Управившись с выгрузкой провизии, Света закопалась в своей сумочке, что-то бормоча себе под нос. Я не знала, с чего начать и как правильно подвести её к этому разговору. Не может быть, что всё это мне приводилось…
— Нашла! — продемонстрировав мне щипчики для бровей, Светка хохотнула. — Буду из тебя делать человека!
— Эй! Густые брови сейчас в моде! Разве нет? — запротестовала я, увидев хищную усмешку на её губах.
— Да, но это не всем идёт.
— Ты не заметила, что я в больнице, а? Для кого здесь быть красивой? Мне до бровей сейчас совсем нет дела.
— А врачи? А Макс? — всё-таки добравшись до моих бровей, возмущённо засопела подруга.
— Не хочу видеть Макса. — поморщилась от неприятных ощущений.
— С чего бы это? Вы же сладкая парочка.
— Можешь не стараться, я знаю, что он тебе никогда не нравился.
— Что? С чего ты это взяла?
— Ты говорила. — а вот и тот самый повод и подходящий момент перейти к делам насущным.
— Я никогда такого не говорила. — фыркнула Света.
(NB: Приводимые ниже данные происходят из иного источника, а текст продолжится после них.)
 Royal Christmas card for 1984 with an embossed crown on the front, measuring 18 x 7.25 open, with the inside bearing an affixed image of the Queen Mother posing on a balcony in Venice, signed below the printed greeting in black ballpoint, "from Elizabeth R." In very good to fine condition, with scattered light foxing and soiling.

— Вообще-то, говорила… — понизив голос до шёпота, произнесла я. — Ты не помнишь?
— Я… — Света ненадолго замолчала, словно вспоминая и перебирая воспоминания, — Я не говорила этого. Но да, он мне не нравится.
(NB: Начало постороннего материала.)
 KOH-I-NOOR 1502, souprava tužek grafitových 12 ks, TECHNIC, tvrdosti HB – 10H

— А то, что он кидала, ты помнишь? Демоны, новости… Хоть что-нибудь…
— Ксюх, ты о чём? — замерев, подруга нахмурила лоб и поджала губы.
— Твою мать… — пробормотала я. — Забей. Я так… Ерунду несу.
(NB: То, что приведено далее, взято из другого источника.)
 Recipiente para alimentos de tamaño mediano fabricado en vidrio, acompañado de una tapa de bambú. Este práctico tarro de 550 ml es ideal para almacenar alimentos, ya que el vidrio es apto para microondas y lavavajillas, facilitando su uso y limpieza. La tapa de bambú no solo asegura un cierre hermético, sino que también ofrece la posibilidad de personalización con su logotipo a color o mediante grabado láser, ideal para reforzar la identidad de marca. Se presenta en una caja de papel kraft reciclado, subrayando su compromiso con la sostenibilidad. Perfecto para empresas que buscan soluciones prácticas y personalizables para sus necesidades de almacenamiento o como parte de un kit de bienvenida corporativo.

Это какая-то параллельная реальность. Правда. Не может быть, чтобы всего случившегося со мной не было! Не может! Всё было по-настоящему! Реально! Все события. Чувства были реальными!
К выписке из больницы я уже уверенно стояла на ногах, правда, всё ещё с костылями. До снятия гипса была неделя, которую мне разрешили провести дома. Я была почти счастлива.
Возвращение в съёмную квартиру вибрировало ностальгией в сознании, не давая сосредоточиться ни на чём другом. Там я впервые столкнулась лицом к лицу с демоном, демоницей… С моей рогатой. Там мои отношения с Сэмом перешли в горизонтальную плоскость впервые… Там появилась впервые Лилит… Так много впервые…
Они не могут быть плодом моего воображения…
Но дома меня ждал неприятный сюрприз — Макс! Выставив его за дверь под причитания моей мамы, я попыталась улыбнуться:
— Простите. Я, правда, не хочу его видеть. Я не готова пока к выяснению отношений и драмам.
Едва выдохнув, я прошла в кухню, печальным взглядом осмотрев чистый пол без признаков каких-либо линий и пентаграмм, накрытый стол, бутылку моего любимого вина и...Буса…
— Мау-ау… — отозвался белоснежный комок, оторвавшись от миски с кормом и нарезая круги вокруг моих ног.
— Детка, ты в порядке? — голос матери звенел беспокойством.
Я? Я не в порядке! Мой мир рухнул в одночасье…
— Это из-за кота?
— Уйдите! Просто уйдите! — воскликнула я, отбросив костыли и дохромав до стула. Опустилась на него с тяжёлым вздохом, попутно стаскивая обувь и куртку. Нужно будет в прихожую стул поставить… стоя я даже разуться не могу пока.
Несколько дней я большую часть времени рассматривала своего кота. Искала различия, страстно желая, чтобы это был другой белый кот. Не мой Бус, подобранный блохастым котёночком, а после эволюционировавший в Храна, а какой-то другой. Чужой. Просто похожий.